MartinLoop — Prompts and Key Artifacts

MCP run_loop Tool Input Schema (verbatim from source)

export interface RunLoopInput {
  objective: string;
  workingDirectory?: string;
  engine?: "claude" | "codex";
  model?: string;
  maxUsd?: number;
  maxIterations?: number;
  maxTokens?: number;
  verificationPlan?: string[];
  allowedPaths?: string[];
  deniedPaths?: string[];
  workspaceId?: string;
  projectId?: string;
}

MCP run_loop Tool Output Schema (verbatim from source)

export interface RunLoopOutput {
  status: string;
  lifecycleState: string;
  reason: string;
  attempts: number;
  costUsd: number;
  verificationPassed: boolean;
  loopId: string;
  pressure: string;
  shouldStop: boolean;
  remainingBudgetUsd: number;
  remainingIterations: number;
  remainingTokens: number;
  engine: MartinEngine;
  workingDirectory: string;
  budget: LoopBudget;
  inspection: {
    runsRoot: string;
    runDirectory: string;
    loopRecordPath: string;
    ledgerPath: string;
    // ... loop preview, verification summary, artifacts
  };
}

Config Example (verbatim from martin.config.example.yaml)

policyProfile: balanced
budget:
  # Hard cost cap for a run.
  maxUsd: 8
  # Early warning threshold below the hard cap.
  softLimitUsd: 5
  # Maximum number of loop iterations.
  maxIterations: 3
  # Maximum token budget for the run.
  maxTokens: 20000
governance:
  # Policy used when the run would take a destructive action.
  destructiveActionPolicy: approval
  # Where governance/telemetry events should be sent.
  telemetryDestination: control-plane
  # Verification commands used when --verify is not supplied.
  verifierRules:
    - pnpm test
    - pnpm lint

MCP Preflight Tool Call (from quickstart doc)

{
  "tool": "martin_preflight",
  "arguments": {
    "objective": "Fix the auth regression and prove it with tests",
    "engine": "codex",
    "maxUsd": 3,
    "maxIterations": 3,
    "verificationPlan": ["pnpm test --filter auth"],
    "allowedPaths": ["src/**", "tests/**"],
    "deniedPaths": [".env*", "secrets/**"]
  }
}

MCP Doctor Tool Call (from quickstart doc)

{
  "tool": "martin_doctor",
  "arguments": {
    "engine": "codex"
  }
}
martin_doctor
martin_preflight
martin_list_runs
martin_triage_runs
martin_run_dossier

MCP Prompts

Named prompts for discovery-first workflows:

Prompt Use Case
martin_start Onboarding + first run setup
martin_preflight Pre-execution policy check narrative
martin_triage Rank runs needing attention
martin_resume Resume interrupted run
martin_prove Prove run completion to reviewer
martin_release_check Pre-release governance check
martin_governed_coding_kickoff Start governed coding session
martin_debug_failed_run Debug failed run with evidence
martin_publish_readiness_review npm/release readiness
martin_triage_run_store Triage full run store

JSONL Record Format

Append-only records at ~/.martin/runs/<workspaceId>.jsonl:

{
  "loopId": "ml-abc123",
  "status": "completed",
  "lifecycleState": "verified",
  "costUsd": 2.30,
  "attempts": 1,
  "verificationPassed": true,
  "failureTaxonomy": null,
  "remainingBudget": { "usd": 5.70, "iterations": 2 },
  "redBlueResults": { "tier": "baseline", "decision": "pass" },
  "rollbackBoundary": { "commitSha": "abc123def" },
  "timestamp": "2026-05-26T10:00:00Z"
}
09

Uniqueness

MartinLoop — Uniqueness and Positioning

Differs from Seeds

MartinLoop occupies a unique niche in this batch: it is not a multi-agent orchestrator. It is a governance wrapper for single-agent coding loops. This makes it architecturally different from every other framework in the batch.

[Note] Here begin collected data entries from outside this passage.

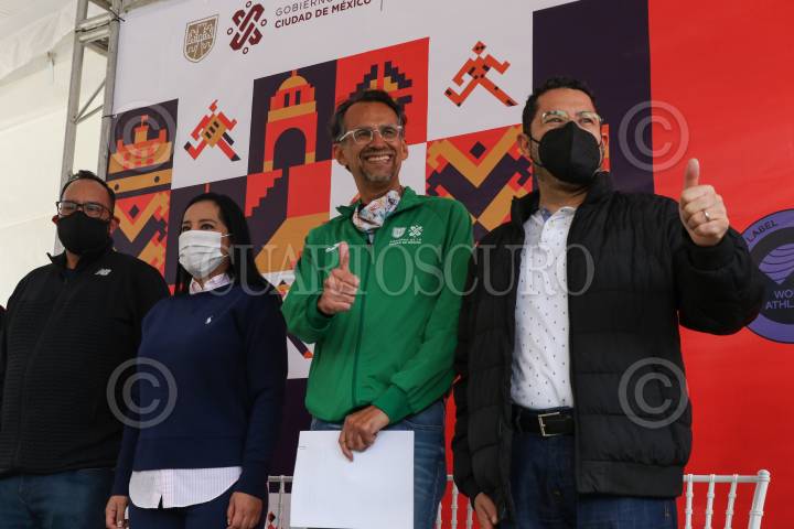 CIUDAD DE MÉXICO, 17OCTUBRE2021.- Con la presencia de Martí Batres, secretario de Gobierno capitalino; Javier Hidalgo, director del Indeporte; Sandra Cuevas, alcaldesa de Cuauhtémoc; y de algunos maratonistas como: Benjamín Paredes e Ivonne Reyes, se presentó la playera que utilizarán los corredores en la edición XXXVIII del Maratón de la Ciudad de México Telcel 2021, además se anunció que la medalla que se les entregará será alusiva al Monumento a la Revolución, lugar en donde se realizó el evento. Este evento será uno de los primeros encuentros masivos que organiza la ciudad tras casi dos años de pandemia. FOTO: MOISÉS PABLO/CUARTOSCURO.COM
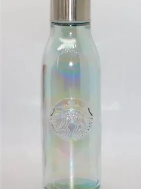Starbucks Iridescent Rainbow Glass Water Bottle - Silver Cap
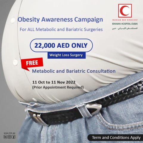 Obesity is a global problem, and it affects us all. 800 million of us are living with the disease, with millions more at risk. The UAE has an obesity prevalence rate of 31.7%. Obesity is a complex disease, with many root causes throughout society. That’s why we all need to work together to find solutions. Tackling the roots of obesity benefits everybody and will give us all the chance to lead happier, healthier and longer lives. Avail the one month Obesity Campaign offer in Iranian Hospital Dubai from 11th October to 11th November 2022. Free Bariatric consultation and ALL Obesity (weight loss) surgeries priced at 22,000 ONLY during the campaign. Take Control of Your Health- ACT TODAY!
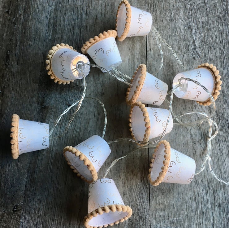 There are ten mini lampshades in each set on a battery-operated string of warm white fairy lights with timer function. The length overall length is 1.8 metres, and the length from first mini lampshade to last is 1.2 metres.
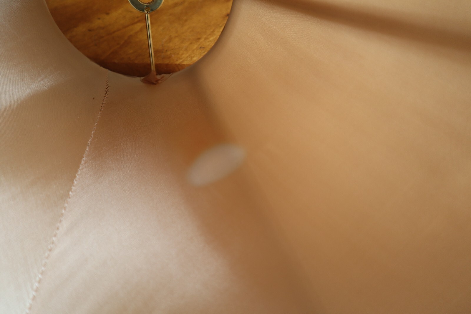Vintage Tan Silky Fabric Lampshade 8.5" Tall Round Bell Shape 6 Panels
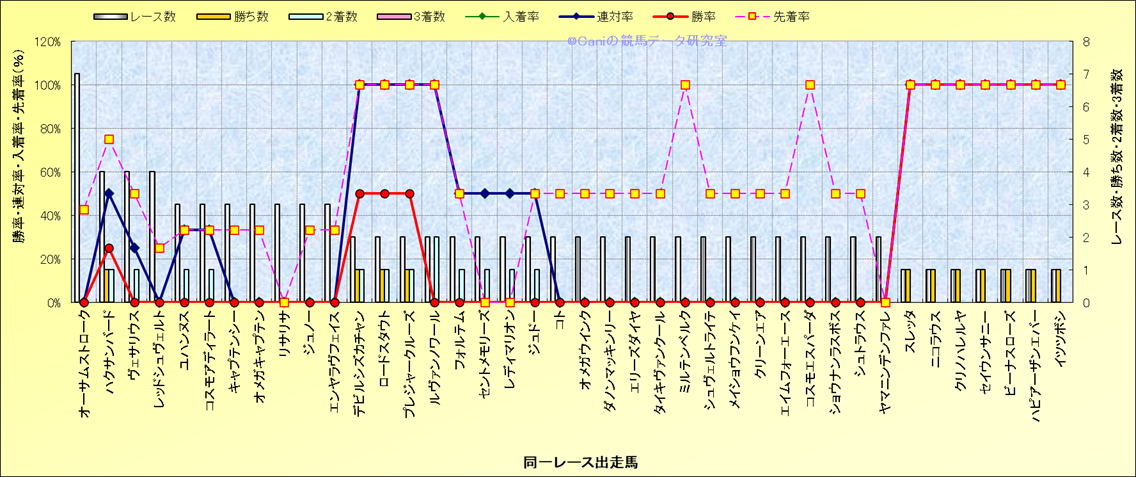 ライバル(相性)解析 同一レースに下記馬が出走した場合の成績とその馬に先着する先着率 |
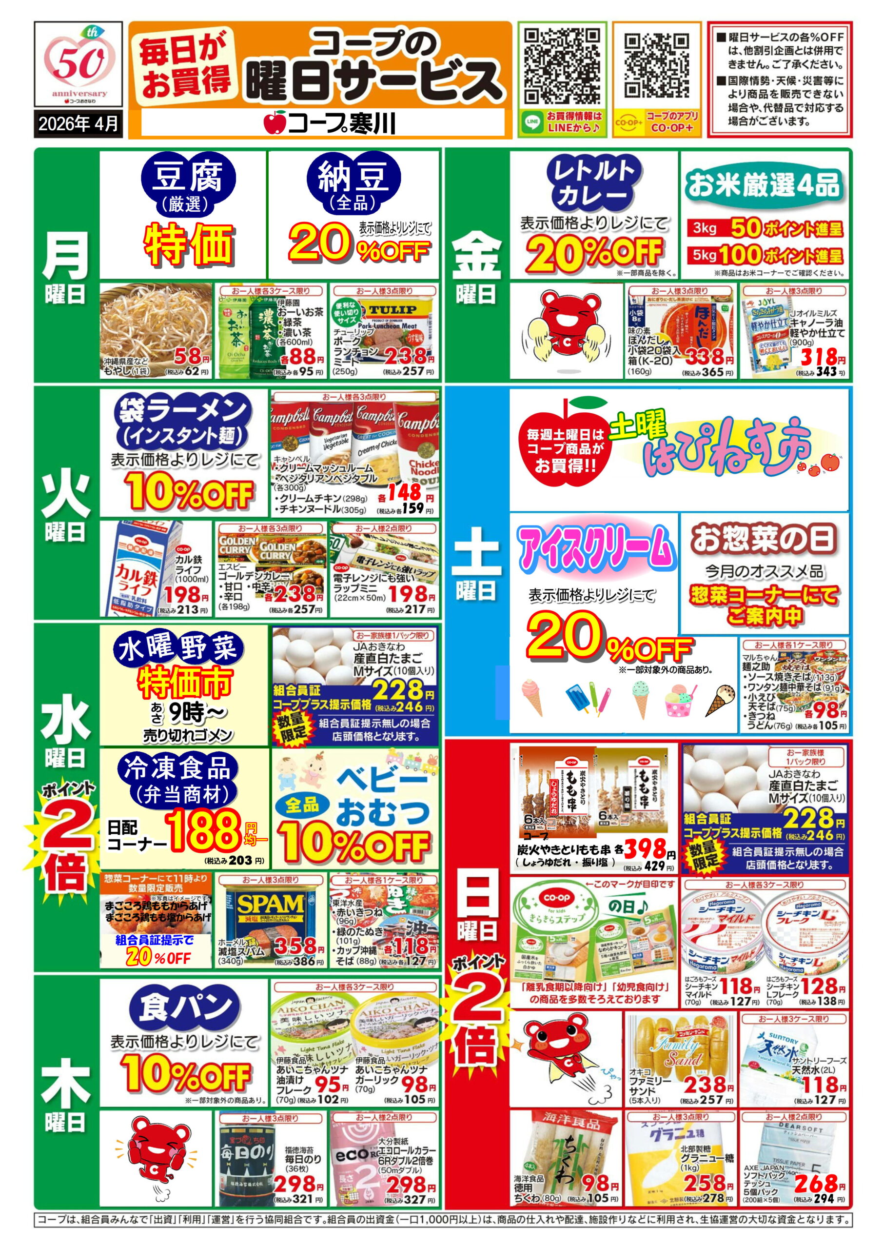 4月 お店【寒川】「お買い得情報」「曜日サービス」

Versus claude-flow (parallel multi-agent orchestration): claude-flow maximizes parallelism and throughput. MartinLoop maximizes trust, auditability, and cost control on a single agent run.

Versus bernstein (Python scheduler with HMAC audit): Bernstein orchestrates a pipeline of specialized agents (manager, architect, worker, QA) with deterministic scheduling and compliance-grade HMAC audit logs. MartinLoop governs a single agent loop with budget caps, but does not orchestrate multi-agent pipelines.

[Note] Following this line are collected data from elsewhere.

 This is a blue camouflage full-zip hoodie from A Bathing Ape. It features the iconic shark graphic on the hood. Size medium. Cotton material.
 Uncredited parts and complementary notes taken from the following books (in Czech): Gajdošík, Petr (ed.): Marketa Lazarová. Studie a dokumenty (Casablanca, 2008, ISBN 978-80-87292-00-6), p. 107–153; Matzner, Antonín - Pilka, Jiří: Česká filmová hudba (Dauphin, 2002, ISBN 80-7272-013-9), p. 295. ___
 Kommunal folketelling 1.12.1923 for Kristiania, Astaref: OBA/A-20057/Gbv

Versus taskmaster-ai (task decomposition and tracking): Taskmaster manages tasks but does not execute them or govern the execution loop's budget. MartinLoop governs execution but does not decompose tasks.

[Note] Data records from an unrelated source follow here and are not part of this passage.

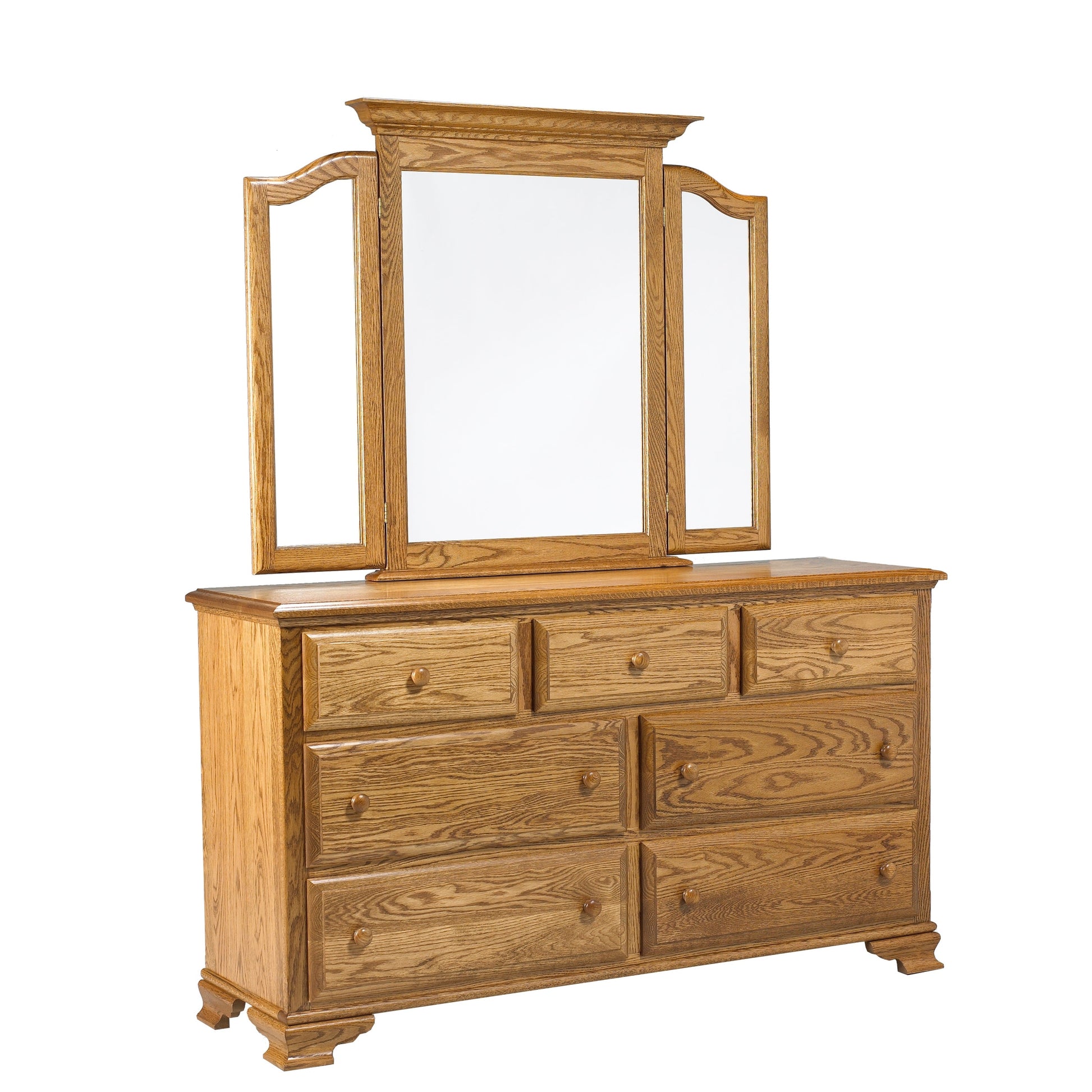 Designed with relaxed style and crowned moulding, the Country Lane Wing Mirror adds charm and functionality to any room. Featuring wing mirrors on the sides of the centre mirror, it sits beautifully on top of a dresser. Crafted with a water-based stain and water-based pro polyurethane top coat, for long-lasting durability.
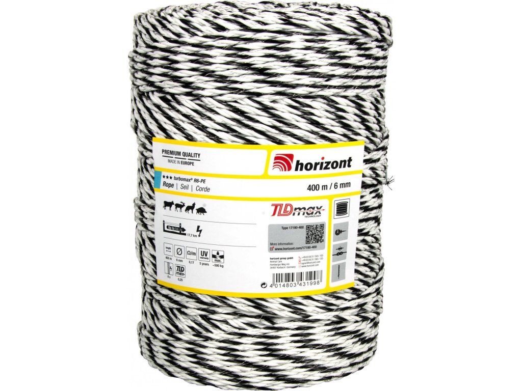 Lanko na elektrický ohradník Turbomax R6-PE Horizont, 400 m, 6 mm, biele/čierne
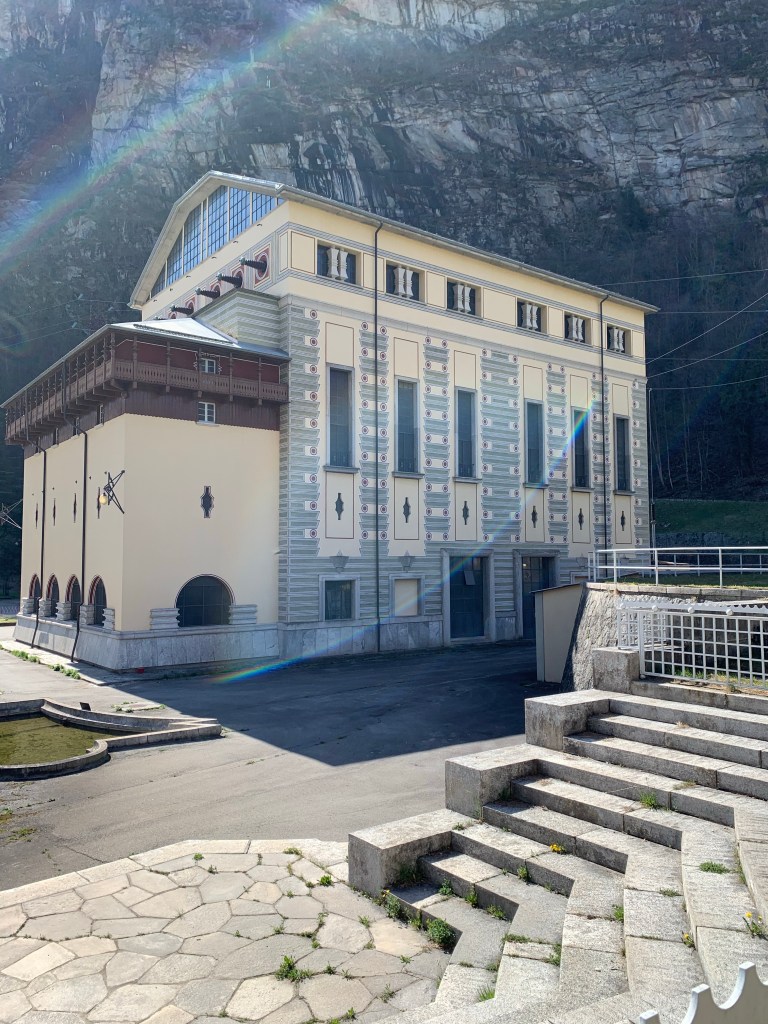 Dale fotografie è facile notare gli elementi comuni a tutte le centrali elettriche di Portaluppi, soprattutto nella decorazione delle finestre. Nella foto a destra, anche se schiacciata dalla prospettiva del grandangolo, si vede la grande cascata del Toce, che già da inizio secolo fu sfruttata per la produzione di energia idroelettrica. Ancora oggi, in estate la cascata viene aperta o chiusa secondo un orario preciso, che trovate facilmente su internet.
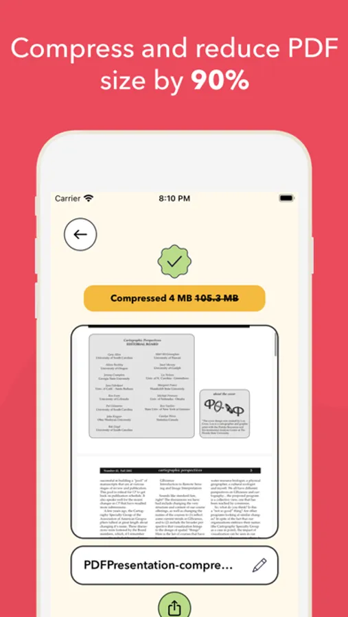 It does not get any easier than this! With Compress it!, you can compress your PDF documents in a matter of seconds, securely. Forget about over-complicated apps with nonsense features. Compress it! is the most secure and privacy oriented PDF compressor available.

Versus stoneforge (Director/Worker/Steward hierarchy): Stoneforge is a full multi-agent workforce platform. MartinLoop is a governance control plane that wraps one agent at a time.

Distinctive Features

  1. Named failure taxonomy (11 classes) — the only framework that classifies why a loop failed into named categories. No other seed or batch framework has an explicit failure taxonomy.

  2. Red-Blue adversarial testing — 6 deterministic adversarial probes (assertion deletion, silent reverts, context poisoning, budget self-reporting, grounding evasion) that run before a patch is accepted. No other framework reviewed has adversarial probe suites.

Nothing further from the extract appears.